**Exercise prompt**
Which lines below fall between the one containing "看,油很埋汰,还有油底壳和变速箱油过滤网。决定把变速箱过滤网也换新的" and the one containing "Key Off-White signatures, such"? Repeat them exactly, counting both of those lines, and add nothing else.
══ Input data
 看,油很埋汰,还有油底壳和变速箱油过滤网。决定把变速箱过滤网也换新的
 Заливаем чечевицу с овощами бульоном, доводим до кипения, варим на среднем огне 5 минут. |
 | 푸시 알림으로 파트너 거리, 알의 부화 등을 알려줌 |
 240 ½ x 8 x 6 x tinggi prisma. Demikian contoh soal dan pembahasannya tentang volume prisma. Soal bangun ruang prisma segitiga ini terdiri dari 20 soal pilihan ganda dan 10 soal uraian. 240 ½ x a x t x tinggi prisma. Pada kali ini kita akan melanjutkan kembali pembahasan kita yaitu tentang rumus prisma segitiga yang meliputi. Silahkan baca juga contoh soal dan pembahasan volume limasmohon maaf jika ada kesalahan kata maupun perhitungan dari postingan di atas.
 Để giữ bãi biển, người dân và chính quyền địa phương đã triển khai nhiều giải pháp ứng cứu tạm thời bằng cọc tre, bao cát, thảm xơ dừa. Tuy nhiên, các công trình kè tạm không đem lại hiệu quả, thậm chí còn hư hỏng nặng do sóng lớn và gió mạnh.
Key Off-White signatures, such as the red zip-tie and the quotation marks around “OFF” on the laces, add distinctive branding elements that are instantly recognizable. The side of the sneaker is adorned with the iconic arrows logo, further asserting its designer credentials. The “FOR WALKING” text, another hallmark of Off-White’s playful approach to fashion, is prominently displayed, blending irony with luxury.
════
══ Input data
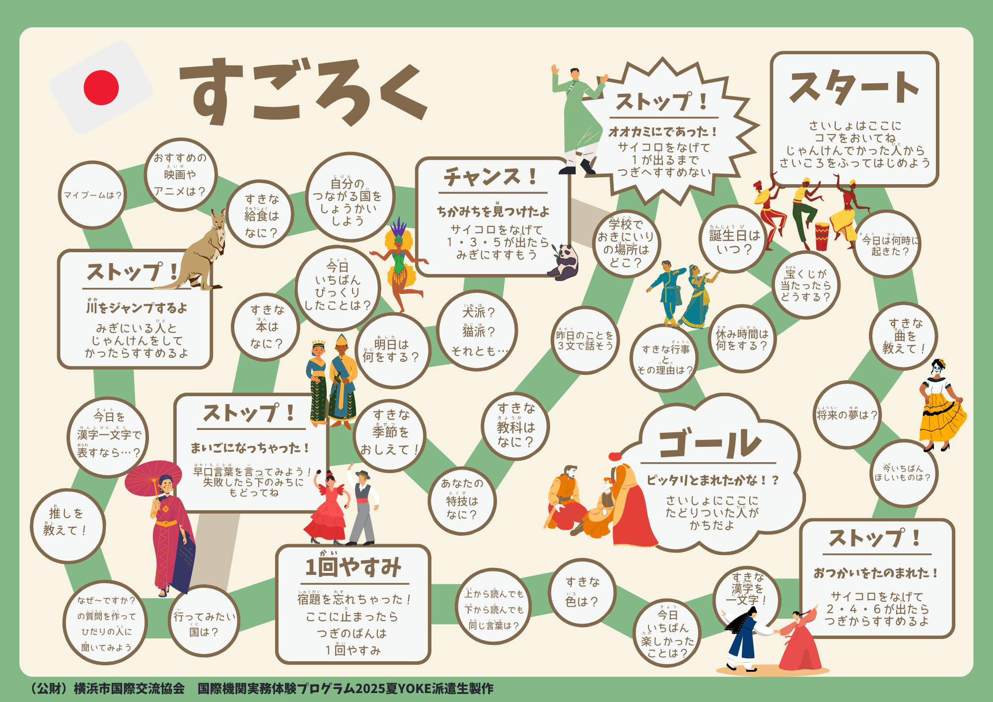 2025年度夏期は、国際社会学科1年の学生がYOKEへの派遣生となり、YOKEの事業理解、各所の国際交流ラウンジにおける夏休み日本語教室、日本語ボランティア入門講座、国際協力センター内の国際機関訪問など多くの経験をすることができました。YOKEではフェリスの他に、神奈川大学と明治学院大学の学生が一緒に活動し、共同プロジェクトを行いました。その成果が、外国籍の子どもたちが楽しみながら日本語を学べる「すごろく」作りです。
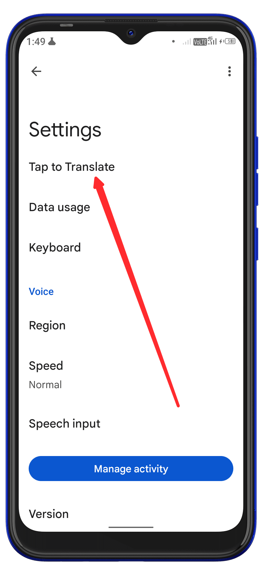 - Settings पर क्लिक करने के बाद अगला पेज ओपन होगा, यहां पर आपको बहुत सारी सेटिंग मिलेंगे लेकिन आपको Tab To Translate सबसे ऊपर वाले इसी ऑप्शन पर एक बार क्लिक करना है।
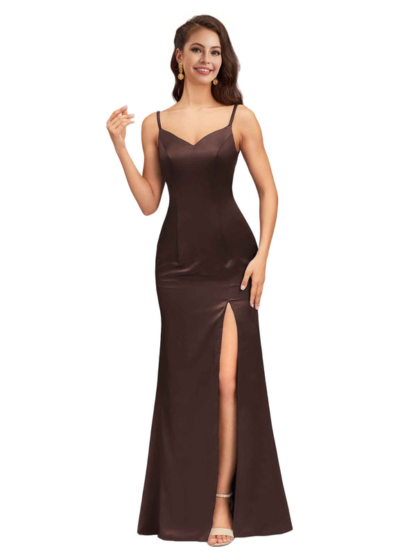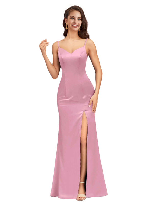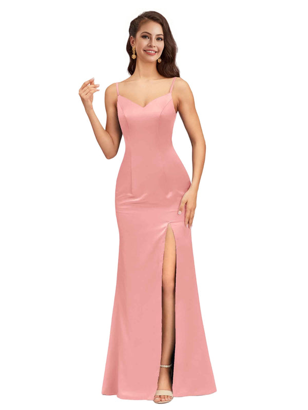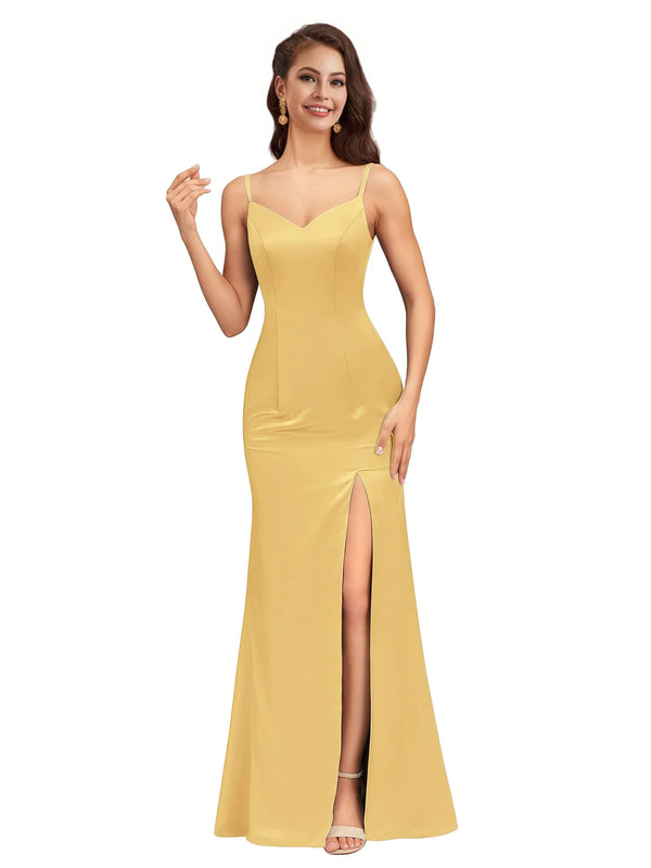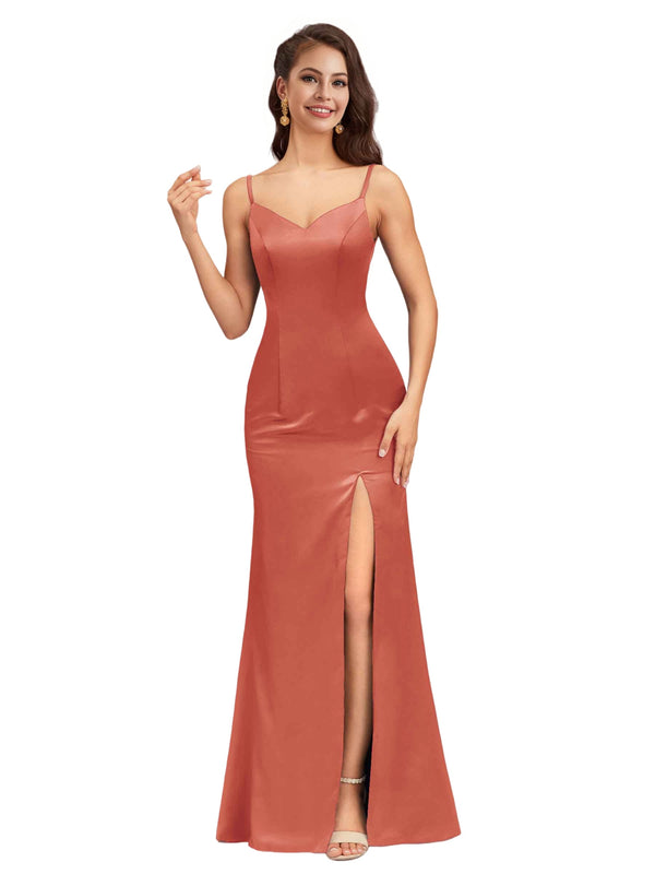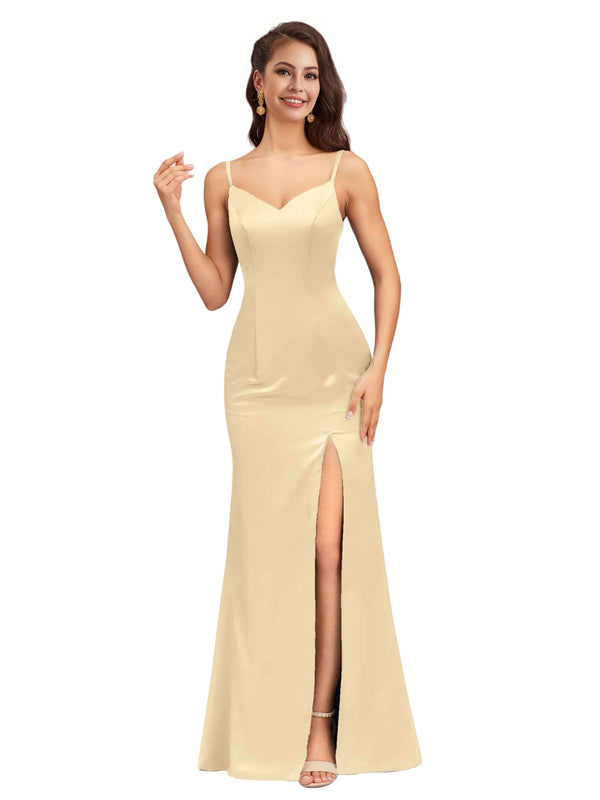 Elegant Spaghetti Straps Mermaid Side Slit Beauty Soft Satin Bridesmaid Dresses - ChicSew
════
══ Input data
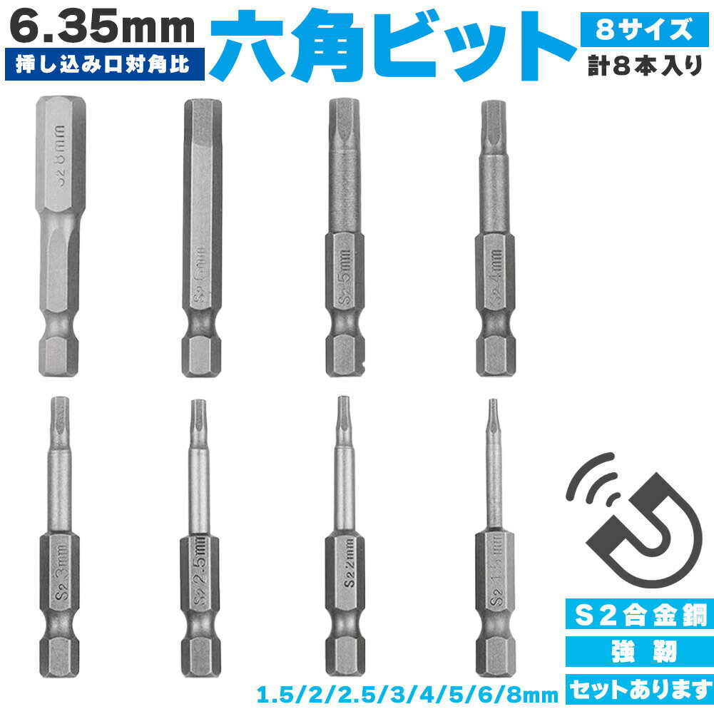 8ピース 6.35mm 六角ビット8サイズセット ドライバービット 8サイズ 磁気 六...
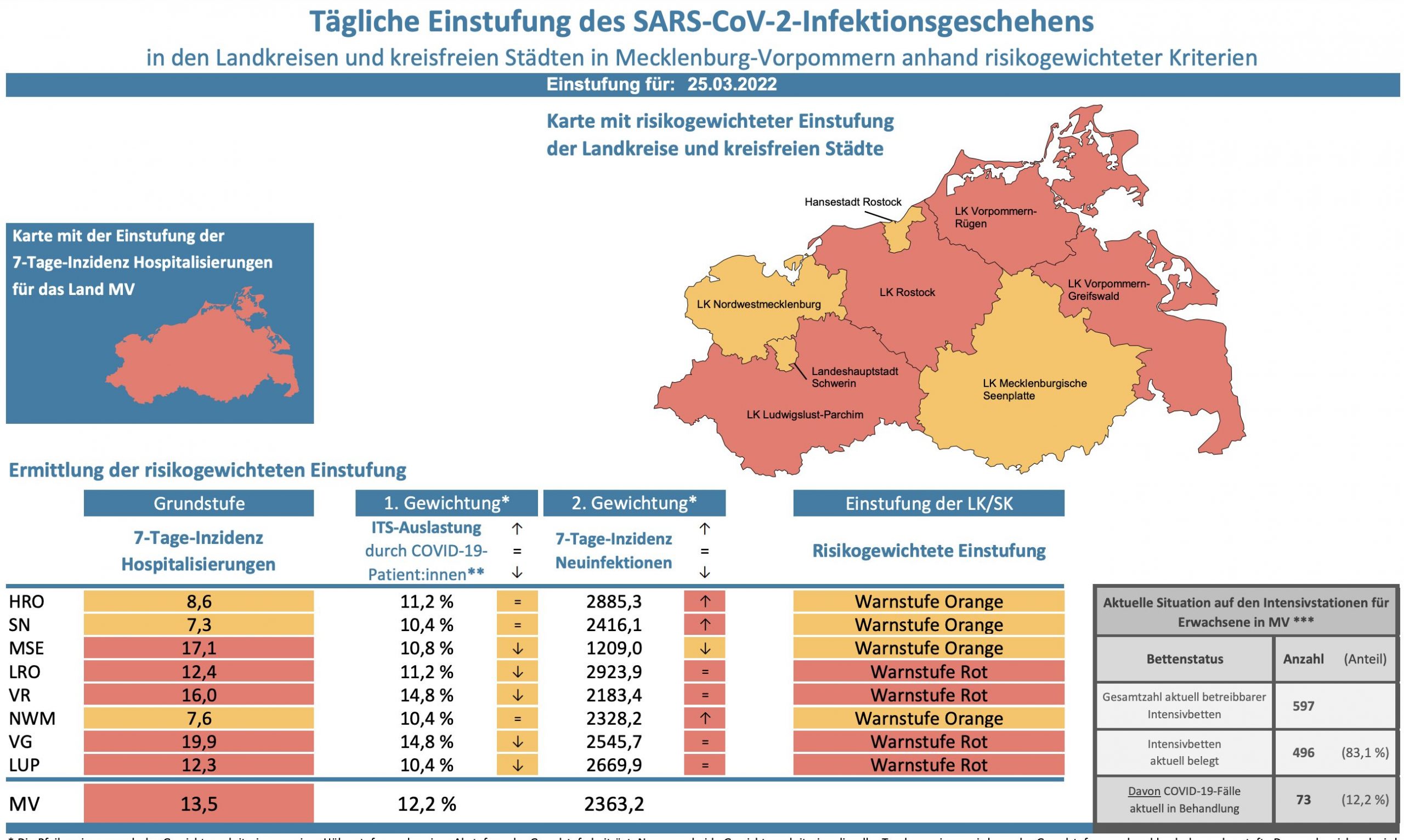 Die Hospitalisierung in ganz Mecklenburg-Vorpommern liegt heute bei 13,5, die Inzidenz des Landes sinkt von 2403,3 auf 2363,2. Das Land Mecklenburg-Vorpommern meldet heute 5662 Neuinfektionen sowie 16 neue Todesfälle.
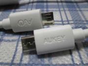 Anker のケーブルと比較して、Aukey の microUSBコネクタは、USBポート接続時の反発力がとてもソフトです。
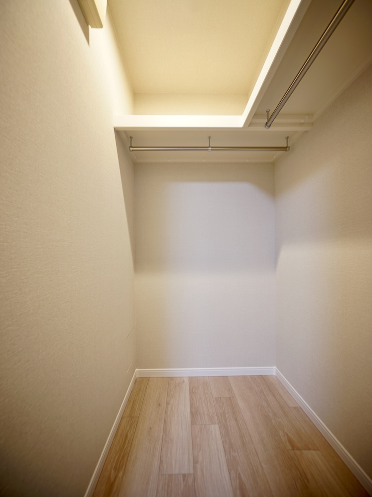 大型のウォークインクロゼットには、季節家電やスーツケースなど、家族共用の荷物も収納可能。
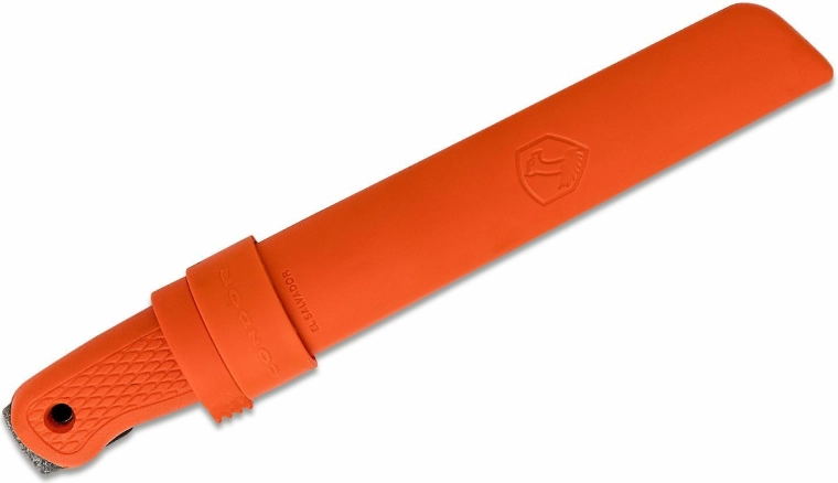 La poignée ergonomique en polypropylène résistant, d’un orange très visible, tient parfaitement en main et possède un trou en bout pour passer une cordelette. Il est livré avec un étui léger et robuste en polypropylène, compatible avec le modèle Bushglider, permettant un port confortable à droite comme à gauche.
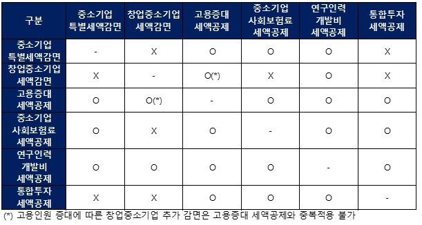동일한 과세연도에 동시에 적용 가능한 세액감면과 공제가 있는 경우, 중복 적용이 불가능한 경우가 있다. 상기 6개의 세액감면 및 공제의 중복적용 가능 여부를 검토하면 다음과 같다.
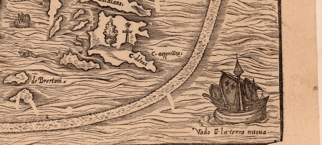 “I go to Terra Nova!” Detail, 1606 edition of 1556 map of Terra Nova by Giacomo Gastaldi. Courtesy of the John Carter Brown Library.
════
**Result**
 看,油很埋汰,还有油底壳和变速箱油过滤网。决定把变速箱过滤网也换新的
 Заливаем чечевицу с овощами бульоном, доводим до кипения, варим на среднем огне 5 минут. |
 | 푸시 알림으로 파트너 거리, 알의 부화 등을 알려줌 |
 240 ½ x 8 x 6 x tinggi prisma. Demikian contoh soal dan pembahasannya tentang volume prisma. Soal bangun ruang prisma segitiga ini terdiri dari 20 soal pilihan ganda dan 10 soal uraian. 240 ½ x a x t x tinggi prisma. Pada kali ini kita akan melanjutkan kembali pembahasan kita yaitu tentang rumus prisma segitiga yang meliputi. Silahkan baca juga contoh soal dan pembahasan volume limasmohon maaf jika ada kesalahan kata maupun perhitungan dari postingan di atas.
 Để giữ bãi biển, người dân và chính quyền địa phương đã triển khai nhiều giải pháp ứng cứu tạm thời bằng cọc tre, bao cát, thảm xơ dừa. Tuy nhiên, các công trình kè tạm không đem lại hiệu quả, thậm chí còn hư hỏng nặng do sóng lớn và gió mạnh.
Key Off-White signatures, such as the red zip-tie and the quotation marks around “OFF” on the laces, add distinctive branding elements that are instantly recognizable. The side of the sneaker is adorned with the iconic arrows logo, further asserting its designer credentials. The “FOR WALKING” text, another hallmark of Off-White’s playful approach to fashion, is prominently displayed, blending irony with luxury.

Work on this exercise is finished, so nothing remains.